Inside, the basement dance floor architecturally felt like a cruel prison. It was pitch black with a low ceiling and you couldn’t walk two feet without banging your shin off a concrete block, or having some invisible teenager barge into you in the gloom. Take one step forward: bump. Take one step to the side: bump. Stay in one spot and try to dance: bump . . . bump . . . bump, the clone dancefloor entrants, all dressed in black t-shirts and black jeans, flailing in the black darkness straight into you, like the choreo for a late Samuel Beckett play. Oscar Mulero played a fine hypnotic techno set. But the Tresor basement PA isn’t far above a set of Logitech laptop speakers, and after three hours I fled the legendary club.

At home, I reflected on my experience. What had happened to the Tresor we hear so much about? Aesthetic mismanagement, perhaps; inability to evolve; resting on one’s laurels; indulgence in one’s legends. Nonetheless, as the fine exhibition had shown me, it took nothing away from the club’s historical impact. DJ Rush touched on this when he said of his first time visiting Tresor’s basement in the 1990s that he felt like he had stepped out of the present and into medieval times. And another person I knew had had a totally different experience to mine, finding in Tresor’s dark a gnostic space.

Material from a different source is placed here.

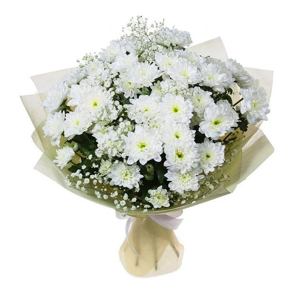 Нежный букет сочетает в себе белые хризантемы и гипсофилу, которые отлично гармонируют друг с другом .Цветы выражают нежность и заботу, чистоту намерений. Они универсальны, подойдут любимой девушке, коллеге и даже ребенку !

The modernist painter Giorgio De Chirico wrote in one of his notebooks: “Live in the world as if in an immense museum of strangeness.” At moments during the exhibition at Kraftwerk, I had found the experience similar to the visions of De Chirico: an abandoned piazza under green skies; a rubber glove beside the Apollo Belvedere. But unfortunately for Tresor, these days rubber and classical manliness are more on-brand for its great Berlin rival.